(Stored records)

..............................

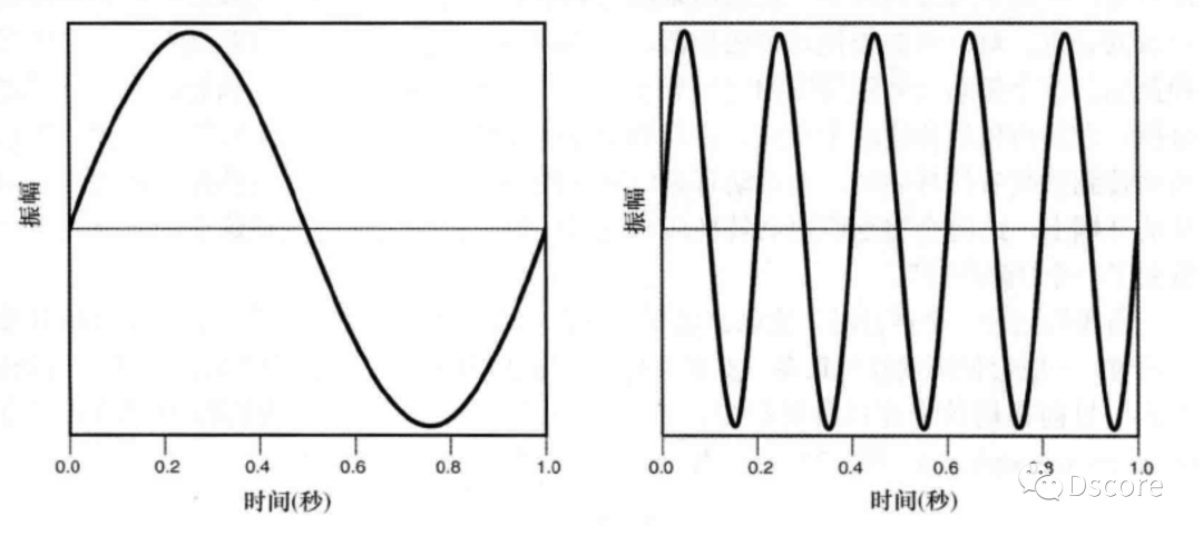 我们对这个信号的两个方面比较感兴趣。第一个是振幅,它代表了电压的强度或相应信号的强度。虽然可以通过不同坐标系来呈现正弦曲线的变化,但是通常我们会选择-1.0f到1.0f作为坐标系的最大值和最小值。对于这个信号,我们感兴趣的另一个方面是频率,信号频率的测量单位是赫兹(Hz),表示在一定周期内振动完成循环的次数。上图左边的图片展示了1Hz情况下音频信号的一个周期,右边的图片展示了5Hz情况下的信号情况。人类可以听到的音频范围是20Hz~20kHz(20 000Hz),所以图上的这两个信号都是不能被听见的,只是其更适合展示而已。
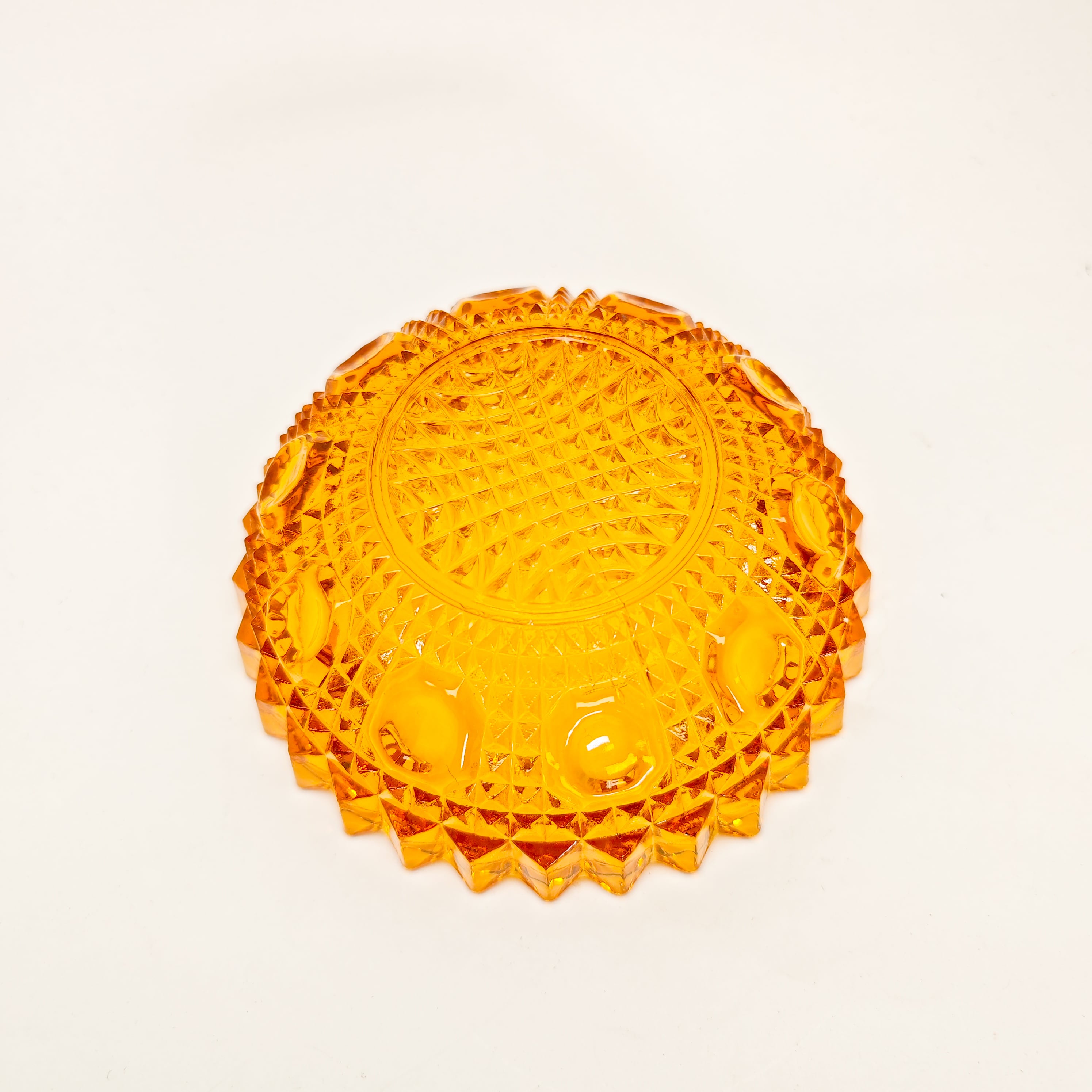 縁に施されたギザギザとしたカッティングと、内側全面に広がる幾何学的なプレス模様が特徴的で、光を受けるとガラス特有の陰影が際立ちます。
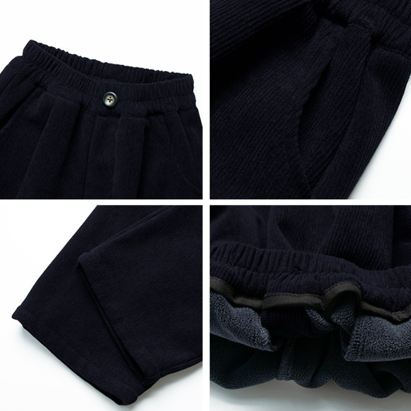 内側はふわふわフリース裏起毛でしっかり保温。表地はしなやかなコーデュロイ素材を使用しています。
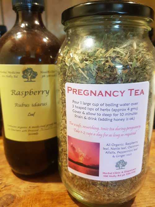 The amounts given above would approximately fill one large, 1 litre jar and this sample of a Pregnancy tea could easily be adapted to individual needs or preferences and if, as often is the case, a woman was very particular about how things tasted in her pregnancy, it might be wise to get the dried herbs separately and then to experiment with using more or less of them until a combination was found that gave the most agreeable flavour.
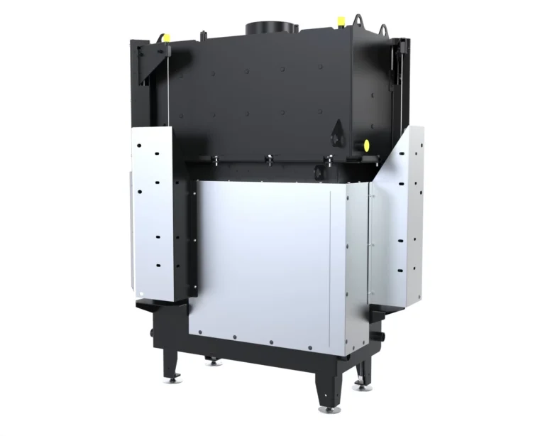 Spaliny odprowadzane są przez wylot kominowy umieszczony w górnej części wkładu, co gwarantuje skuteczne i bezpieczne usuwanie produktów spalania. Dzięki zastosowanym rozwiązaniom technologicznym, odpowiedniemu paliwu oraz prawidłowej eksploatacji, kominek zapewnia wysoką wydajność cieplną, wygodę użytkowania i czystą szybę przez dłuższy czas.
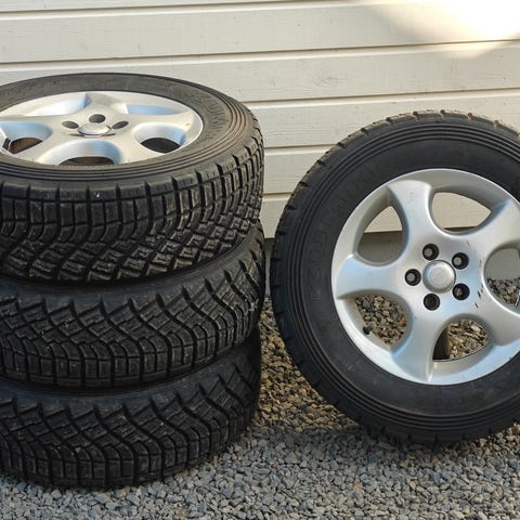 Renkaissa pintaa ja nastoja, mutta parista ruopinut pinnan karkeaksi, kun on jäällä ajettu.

..............................

> **Action item**
Copy out only the lines from the one containing "The amounts given" to the end of the entries, unchanged. Drop the pictures.

> **Response to the exercise**
 The amounts given above would approximately fill one large, 1 litre jar and this sample of a Pregnancy tea could easily be adapted to individual needs or preferences and if, as often is the case, a woman was very particular about how things tasted in her pregnancy, it might be wise to get the dried herbs separately and then to experiment with using more or less of them until a combination was found that gave the most agreeable flavour.
 Spaliny odprowadzane są przez wylot kominowy umieszczony w górnej części wkładu, co gwarantuje skuteczne i bezpieczne usuwanie produktów spalania. Dzięki zastosowanym rozwiązaniom technologicznym, odpowiedniemu paliwu oraz prawidłowej eksploatacji, kominek zapewnia wysoką wydajność cieplną, wygodę użytkowania i czystą szybę przez dłuższy czas.
 Renkaissa pintaa ja nastoja, mutta parista ruopinut pinnan karkeaksi, kun on jäällä ajettu.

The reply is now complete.